この記事は「コンピューターの曲がり角に想う(1)」の続きです。

さて、マルチコアというと連想するのがPLAYSTATION3のプロセッサである、通称"Cell"だが、あれは、果たしてどうなんでしょう。SCEIの久夛良木さんは、PLAYSTATIOM3は「ゲーム機」ではなくて「エンターテイメントコンピューター」であると言っている。

たしかPlayStation2のときも似たようなことを言っていた記憶があるけれども、PS2に搭載された"Emotion Engine"というプロセッサは、PSXなど一部のソニー製品に搭載されたものの期待された売り上げを得られず、事実上ゲーム専用プロセッサとしてその役割を終えようとしている。

Cellは確かに非常に強力なプロセッサであり、潜在能力としては申し分ないのだが、PS3がゲーム機の枠を越えたコンピュータになり、Cellがゲーム機のプロセッサを超えてネットワークのいたるところに遍在するという久夛良木さんの野望はというと、ちょっと実現が危ないと思う。ただし、ソニーグループはこのCellとPS3に5千億円ともいわれる大投資をしているので、失敗は許されないのだが、大丈夫だろうか。

PS3の発売が遅れに遅れている上に、ゲーム機として4万円前後の値段が予想されていた中、廉価グレードでさえ税込み62,790円という価格発表で記者会見場が凍りついた挙句、発売前に値下げ断行という前代未聞の事態になった。

SCEIは(というより久夛良木さんが)IBMと東芝のエンジニアを集めて独自のアーキテクチャを持つ非対称マルチコアのプロセッサを作ったが、そこにつぎ込んだ投資額の前提は全て、「1000万台は楽に超える」というPS2の量産原理に基づいている。たとえ野望は「エンターテイメントコンピューター」であっても、初期の市場立ち上げはゲーム機プラスアルファで進めるべきだろう。

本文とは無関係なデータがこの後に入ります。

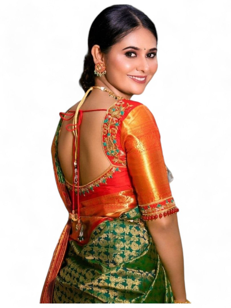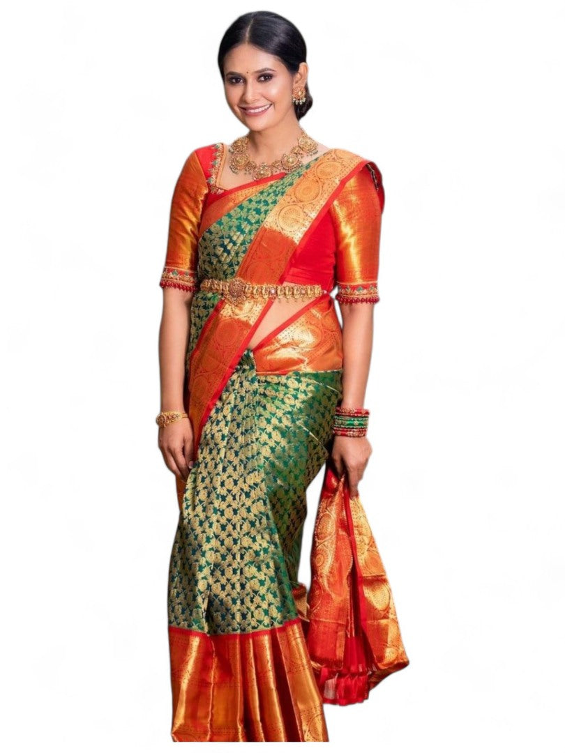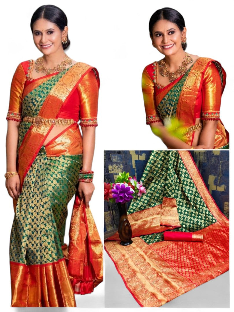 Step into timeless elegance with our Green Banarasi Silk Wedding Saree. Expertly crafted from luxurious Banarasi soft Lichi silk, this saree showcases a beautifully designed rich pallu and intricate jacquard work across the entire length. Paired with an exclusive jacquard border blouse, this saree exudes traditional charm and sophistication, making it a perfect choice for weddings and grand occasions.

PS2の時は、当時普及していたPS1のソフトが使えて、次世代のPS2のソフトも遊べて、なおかつ当時はまだ高かったDVDプレーヤーがおまけで付いてきて、なおかつ手ごろな値段ということがあって、PS2専用ソフトが充実する前からそれなりにPS2本体は普及していた。ところがPS3の場合、PS2のソフトはエミュレーションで遊べるが、PS3専用ソフトが出揃うまでの間をつなぐ「おまけ」が、得体の知れない「ブルーレイディスク」プレーヤーになった。

こいつはPS2のときのDVDプレーヤー機能が果たした役割を当然期待されているのと同時に、結局統一規格をまとめられなかった、もう一方の次世代DVDである"HD DVD"をやり込めるための飛び道具という役割も持っているため、ソニーグループとしては絶対に外せない機能なのだろう。(結局こいつがPS3に2度目の発売延期を余儀なくさせた原因になっているらしいのだが、それはまた別の話)

また、「PS3不発説」でよく語られる理由のひとつに、PS3の性能(と価格)に見合った豪華絢爛さが当然のように要求されるPS3専用ゲームの開発コストが危険なほど高騰するだろう、という話があげられる。その影で密かに語られるもうひとつの理由として、Cellの「斬新さ」がある。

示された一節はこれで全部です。